CPT1A induction following epigenetic perturbation promotes MAVS palmitoylation and activation to potentiate antitumor immunity

argeting epigenetic regulators to potentiate anti-PD-1 immunotherapy converges on the activation of type I interferon (IFN-I) response, mimicking cellular response to viral infection, but how its strength and duration are regulated to impact combination therapy efficacy remains largely unknown. Here, we show that mitochondrial CPT1A downregulation following viral infection restrains, while its induction by epigenetic perturbations sustains, a double-stranded RNA-activated IFN-I response. Mechanistically, CPT1A recruits the endoplasmic reticulum-localized ZDHHC4 to catalyze MAVS Cys79-palmitoylation, which promotes MAVS stabilization and activation by inhibiting K48- but facilitating K63-linked ubiquitination.
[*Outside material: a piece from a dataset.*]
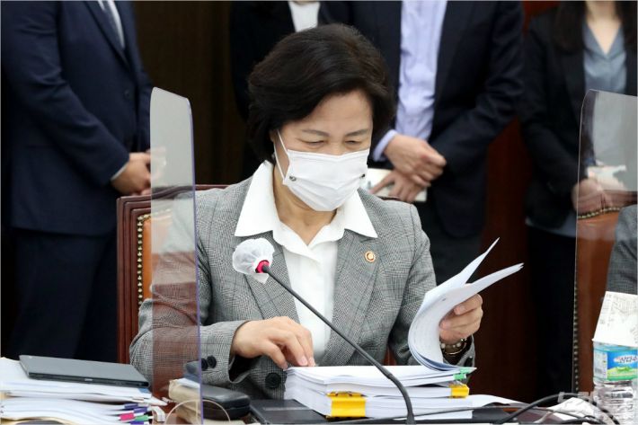 지난달 18일 오후 국회에서 열린 공수처장 후보 추천위원회 3차회의에 참석한 추미애 법무부장관이 회의 자료를 검토하고 있다.(사진=윤창원 기자/자료사진)

Further elevation of CPT1A incrementally increases MAVS palmitoylation and amplifies the IFN-I response, which enhances control of viral infection and epigenetic perturbation-induced antitumor immunity. Moreover, CPT1A chemical inducers augment the therapeutic effect of combined epigenetic treatment with PD-1 blockade in refractory tumors. Our study identifies CPT1A as a stabilizer of MAVS activation, and its link to epigenetic perturbation can be exploited for cancer immunotherapy. Overall design: GFP-labeled scramble, LSD1 KO and LSD1/CPT1A DKO B16/F10 tumors were implanted in C57BL/6 mice for 14 days. Tumors were harvested, dissociated into single cells, and subjected to GFP+ tumor cell isolation by FACS. Total RNA was extracted and used to poly(A)+ RNA enrichment by magnetic mRNA isolation kit for constructing library. The prepared libraries were sequenced at 150 bp from both ends.